[Opening Stored data section]

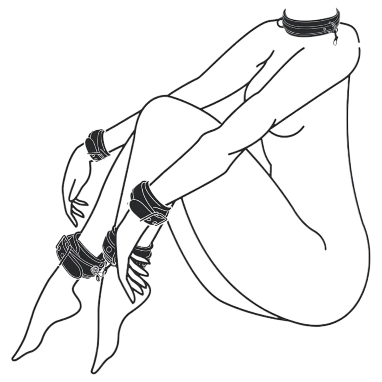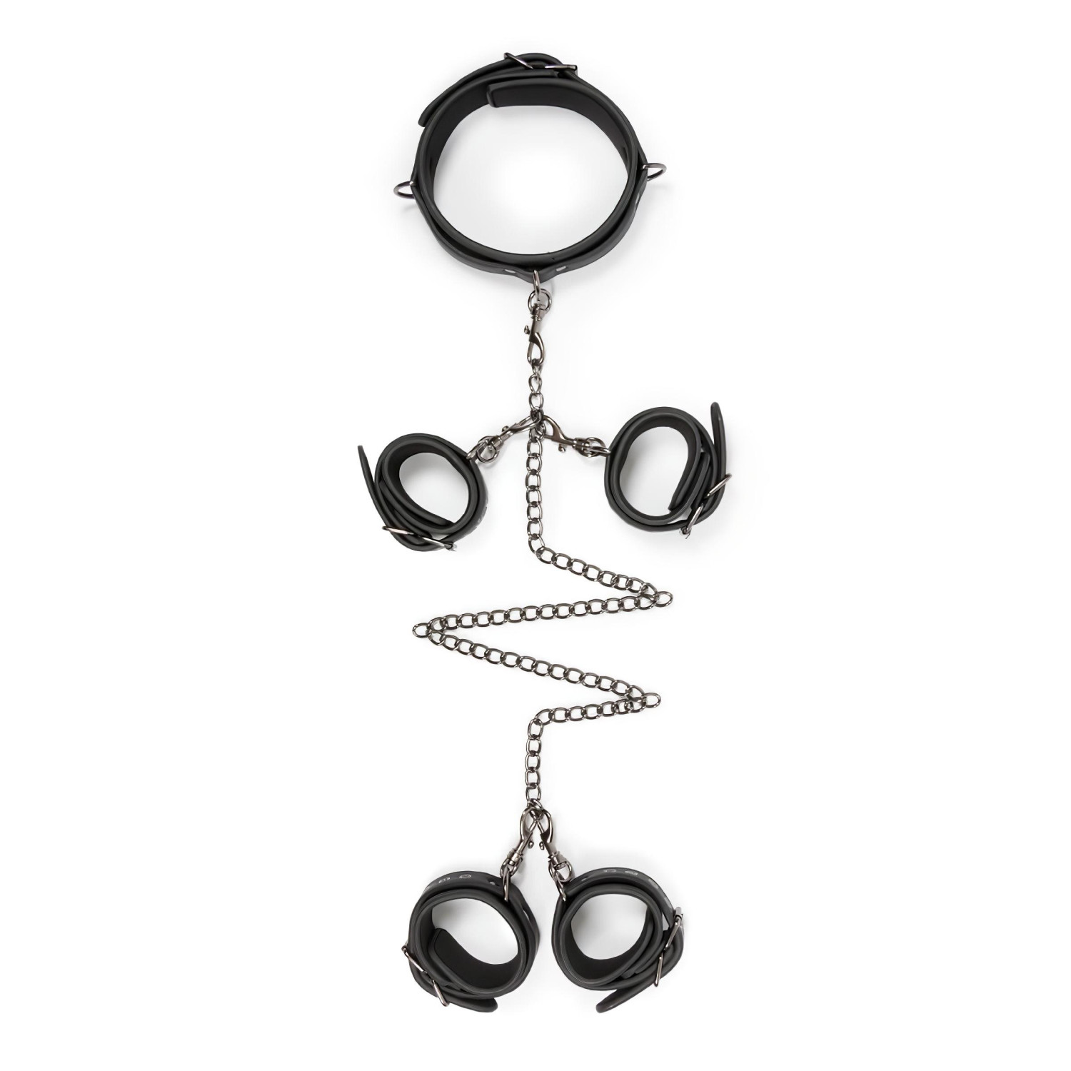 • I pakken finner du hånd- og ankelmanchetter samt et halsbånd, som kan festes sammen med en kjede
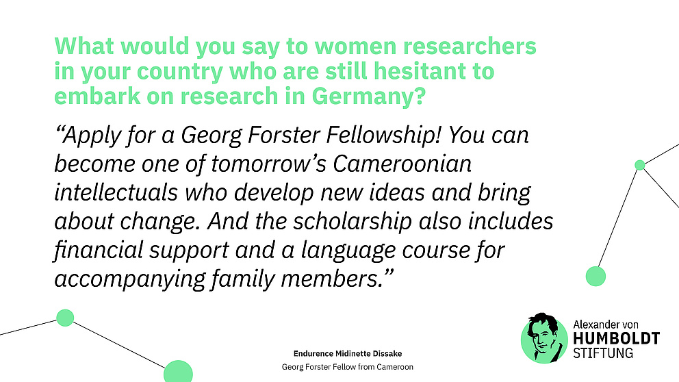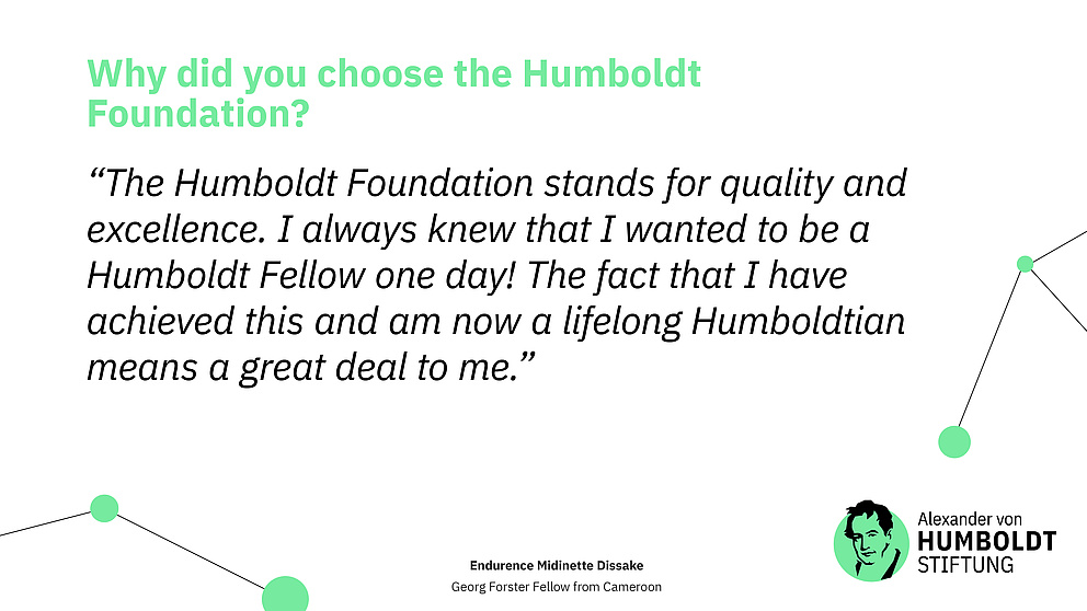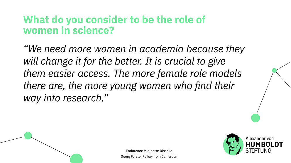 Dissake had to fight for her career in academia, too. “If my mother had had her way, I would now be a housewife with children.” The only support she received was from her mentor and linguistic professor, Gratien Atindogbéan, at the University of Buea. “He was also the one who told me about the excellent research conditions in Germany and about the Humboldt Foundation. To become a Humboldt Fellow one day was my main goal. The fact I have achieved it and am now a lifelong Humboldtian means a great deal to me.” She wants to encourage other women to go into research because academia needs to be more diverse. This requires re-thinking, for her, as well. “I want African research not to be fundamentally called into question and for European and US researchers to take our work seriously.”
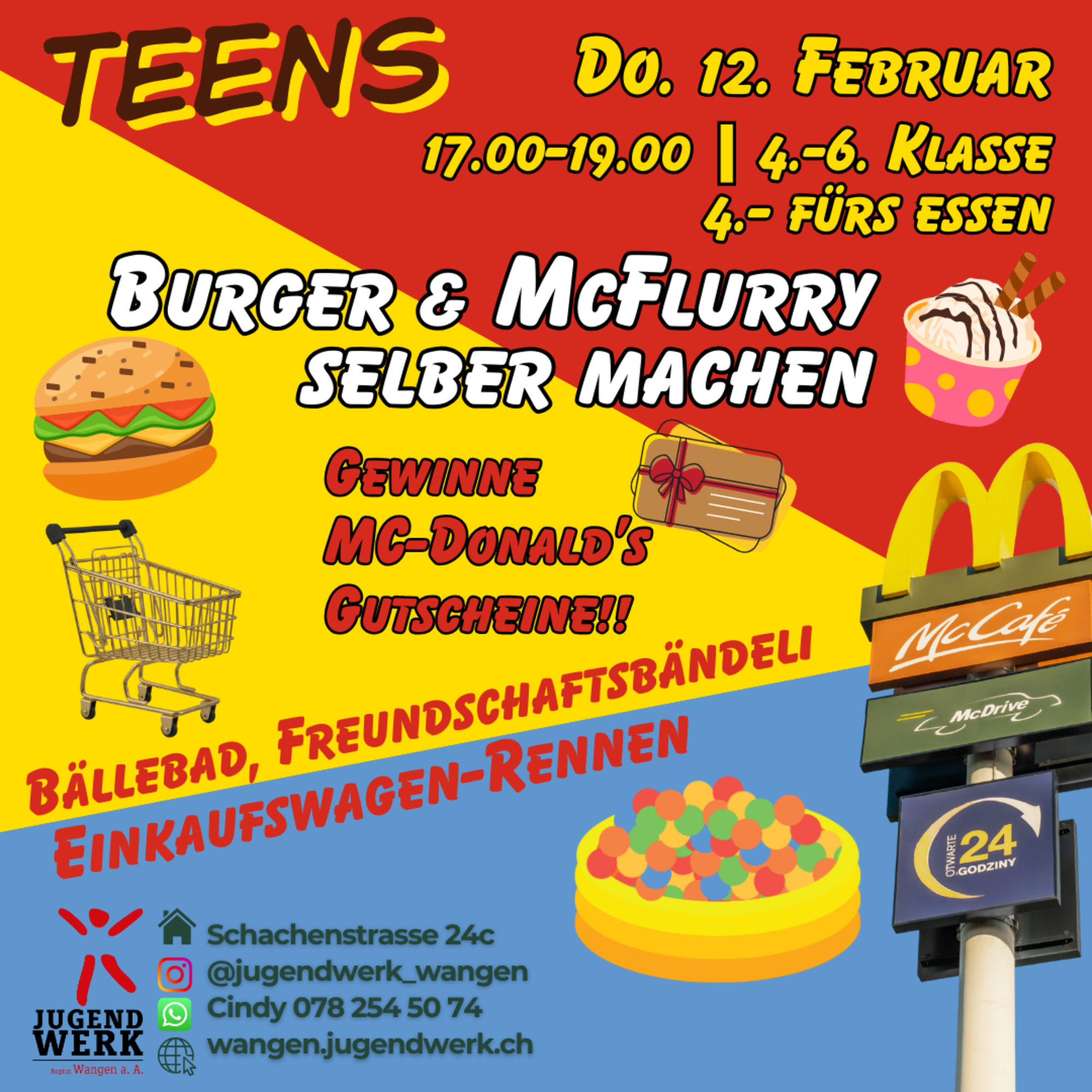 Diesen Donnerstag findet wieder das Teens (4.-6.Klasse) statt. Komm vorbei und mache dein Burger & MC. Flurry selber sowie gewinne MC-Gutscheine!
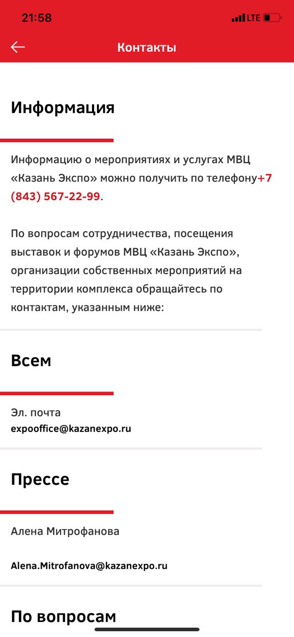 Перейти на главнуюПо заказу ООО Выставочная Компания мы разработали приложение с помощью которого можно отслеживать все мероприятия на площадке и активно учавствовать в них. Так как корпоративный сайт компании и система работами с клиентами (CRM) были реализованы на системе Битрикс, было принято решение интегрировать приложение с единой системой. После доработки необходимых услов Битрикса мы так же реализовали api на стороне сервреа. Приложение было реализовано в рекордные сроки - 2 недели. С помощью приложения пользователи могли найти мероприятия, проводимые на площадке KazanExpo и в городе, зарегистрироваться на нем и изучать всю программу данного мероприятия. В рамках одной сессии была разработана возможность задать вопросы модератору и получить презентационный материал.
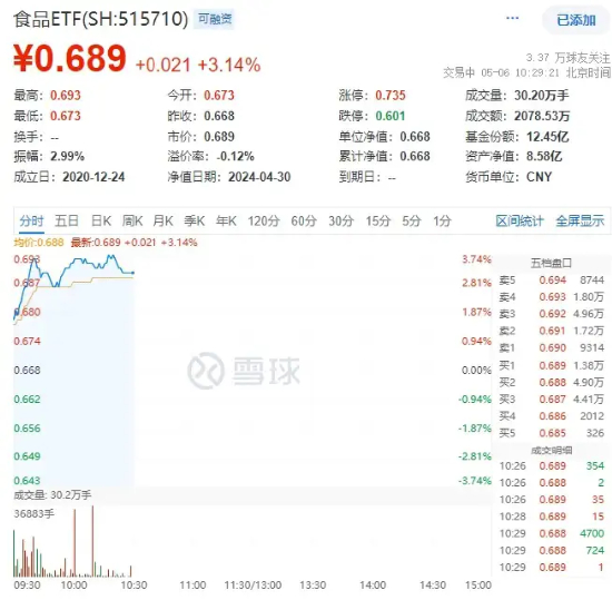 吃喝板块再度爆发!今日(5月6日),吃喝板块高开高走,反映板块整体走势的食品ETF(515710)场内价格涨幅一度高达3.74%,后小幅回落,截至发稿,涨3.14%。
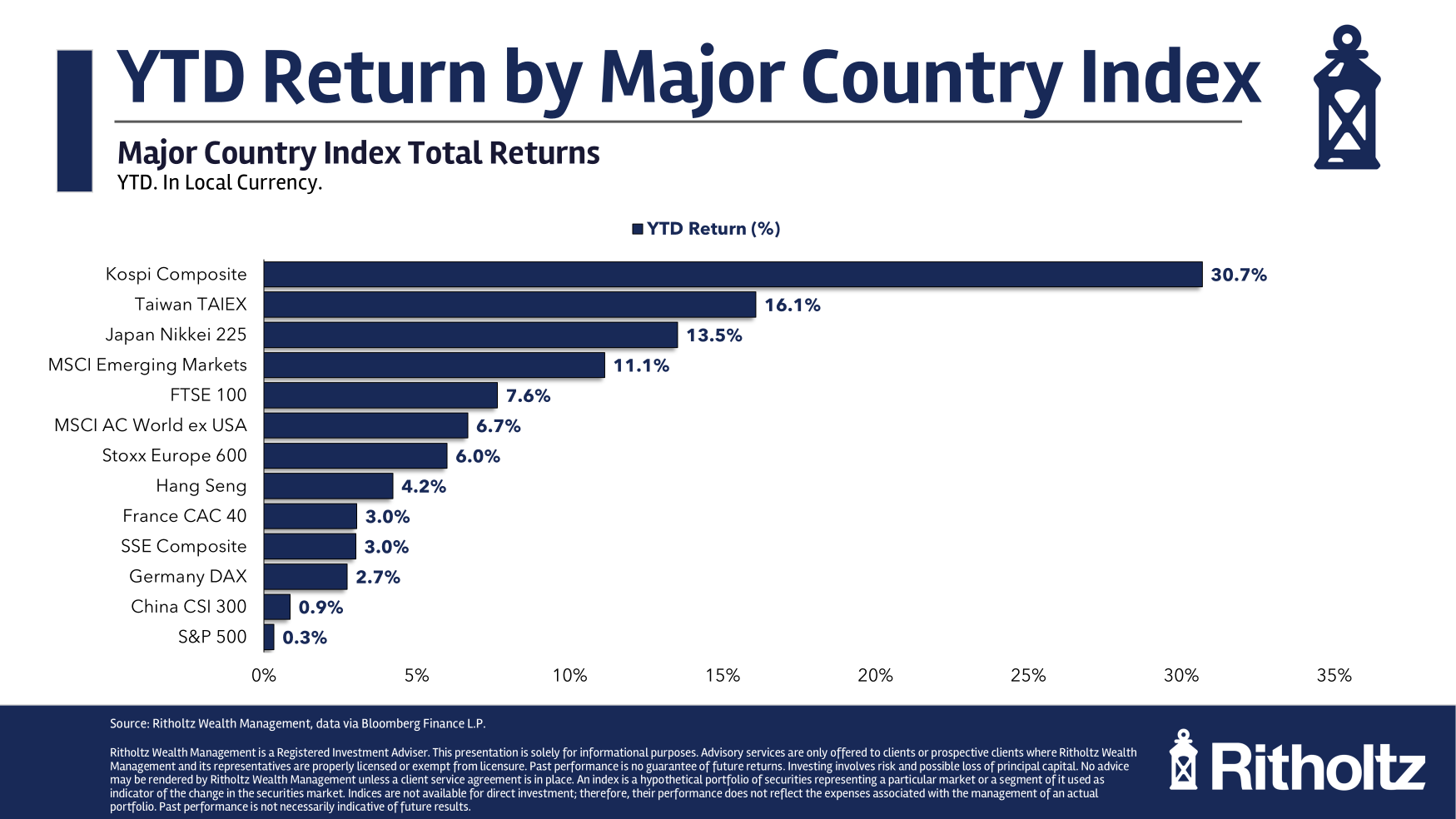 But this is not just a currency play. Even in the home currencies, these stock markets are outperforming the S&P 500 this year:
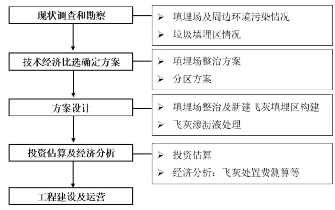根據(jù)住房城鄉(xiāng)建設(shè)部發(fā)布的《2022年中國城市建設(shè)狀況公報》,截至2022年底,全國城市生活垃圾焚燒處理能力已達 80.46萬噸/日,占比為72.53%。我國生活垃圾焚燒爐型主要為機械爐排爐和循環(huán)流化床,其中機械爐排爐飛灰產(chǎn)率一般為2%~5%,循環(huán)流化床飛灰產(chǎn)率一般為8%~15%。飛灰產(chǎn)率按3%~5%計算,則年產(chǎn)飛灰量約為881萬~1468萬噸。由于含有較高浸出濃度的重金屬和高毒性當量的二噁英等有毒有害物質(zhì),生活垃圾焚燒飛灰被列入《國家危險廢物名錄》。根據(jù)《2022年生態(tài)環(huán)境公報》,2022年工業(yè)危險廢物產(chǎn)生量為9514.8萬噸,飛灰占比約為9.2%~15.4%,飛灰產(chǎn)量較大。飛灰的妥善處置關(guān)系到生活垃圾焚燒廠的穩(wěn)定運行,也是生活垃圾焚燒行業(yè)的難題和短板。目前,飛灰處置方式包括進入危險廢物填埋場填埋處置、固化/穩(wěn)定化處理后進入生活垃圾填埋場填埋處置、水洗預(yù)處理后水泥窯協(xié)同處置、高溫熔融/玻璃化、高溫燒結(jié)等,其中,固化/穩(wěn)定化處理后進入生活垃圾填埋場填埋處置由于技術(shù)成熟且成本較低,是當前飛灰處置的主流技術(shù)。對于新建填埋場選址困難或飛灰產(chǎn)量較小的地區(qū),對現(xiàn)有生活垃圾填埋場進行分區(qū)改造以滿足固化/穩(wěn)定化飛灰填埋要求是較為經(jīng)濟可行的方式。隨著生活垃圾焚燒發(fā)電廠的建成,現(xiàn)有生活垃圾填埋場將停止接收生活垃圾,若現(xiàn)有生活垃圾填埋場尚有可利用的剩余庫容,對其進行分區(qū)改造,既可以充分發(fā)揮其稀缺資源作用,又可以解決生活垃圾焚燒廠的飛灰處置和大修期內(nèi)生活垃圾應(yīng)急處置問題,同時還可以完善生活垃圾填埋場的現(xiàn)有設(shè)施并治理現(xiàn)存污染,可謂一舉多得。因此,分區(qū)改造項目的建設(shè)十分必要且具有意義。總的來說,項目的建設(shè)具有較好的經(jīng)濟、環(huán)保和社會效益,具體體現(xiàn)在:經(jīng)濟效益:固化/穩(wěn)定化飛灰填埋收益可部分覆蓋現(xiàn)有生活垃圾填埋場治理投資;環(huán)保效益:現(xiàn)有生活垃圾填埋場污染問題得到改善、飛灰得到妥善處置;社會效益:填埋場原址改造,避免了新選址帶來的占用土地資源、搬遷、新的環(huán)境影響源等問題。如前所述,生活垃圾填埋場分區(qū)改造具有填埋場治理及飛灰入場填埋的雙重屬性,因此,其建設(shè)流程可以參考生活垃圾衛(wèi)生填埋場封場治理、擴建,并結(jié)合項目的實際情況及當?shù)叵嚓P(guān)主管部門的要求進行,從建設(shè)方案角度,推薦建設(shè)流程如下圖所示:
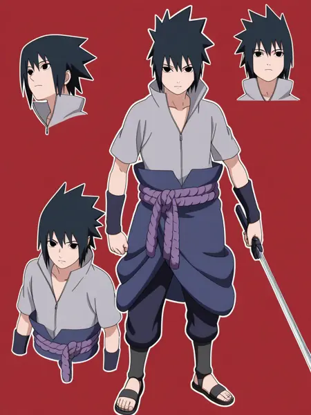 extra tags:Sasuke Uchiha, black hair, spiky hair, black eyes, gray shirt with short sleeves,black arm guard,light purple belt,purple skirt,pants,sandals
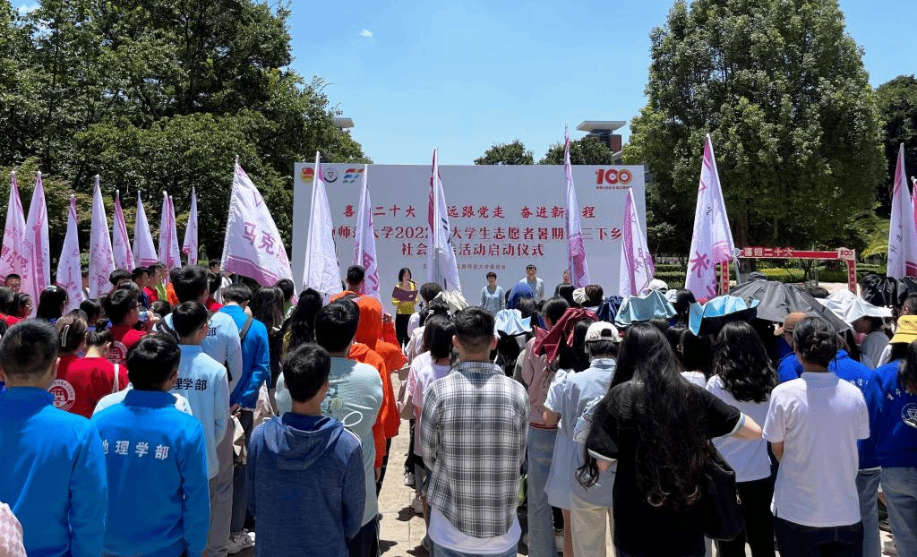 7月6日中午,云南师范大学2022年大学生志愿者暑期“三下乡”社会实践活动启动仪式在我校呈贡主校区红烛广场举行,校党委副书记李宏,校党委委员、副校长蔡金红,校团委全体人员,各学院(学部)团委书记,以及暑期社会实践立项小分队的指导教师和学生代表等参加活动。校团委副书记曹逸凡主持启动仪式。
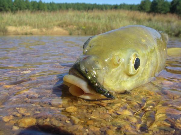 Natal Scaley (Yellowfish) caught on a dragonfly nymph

[Closing Stored data section]

Your objective:
Beginning with the line above that contains "Diesen Donnerstag findet" and ending with the line that contains "吃喝板块再度爆发!今日(5月", quote each line exactly, keeping out the pictures.

Task output:
 Diesen Donnerstag findet wieder das Teens (4.-6.Klasse) statt. Komm vorbei und mache dein Burger & MC. Flurry selber sowie gewinne MC-Gutscheine!
 Перейти на главнуюПо заказу ООО Выставочная Компания мы разработали приложение с помощью которого можно отслеживать все мероприятия на площадке и активно учавствовать в них. Так как корпоративный сайт компании и система работами с клиентами (CRM) были реализованы на системе Битрикс, было принято решение интегрировать приложение с единой системой. После доработки необходимых услов Битрикса мы так же реализовали api на стороне сервреа. Приложение было реализовано в рекордные сроки - 2 недели. С помощью приложения пользователи могли найти мероприятия, проводимые на площадке KazanExpo и в городе, зарегистрироваться на нем и изучать всю программу данного мероприятия. В рамках одной сессии была разработана возможность задать вопросы модератору и получить презентационный материал.
 吃喝板块再度爆发!今日(5月6日),吃喝板块高开高走,反映板块整体走势的食品ETF(515710)场内价格涨幅一度高达3.74%,后小幅回落,截至发稿,涨3.14%。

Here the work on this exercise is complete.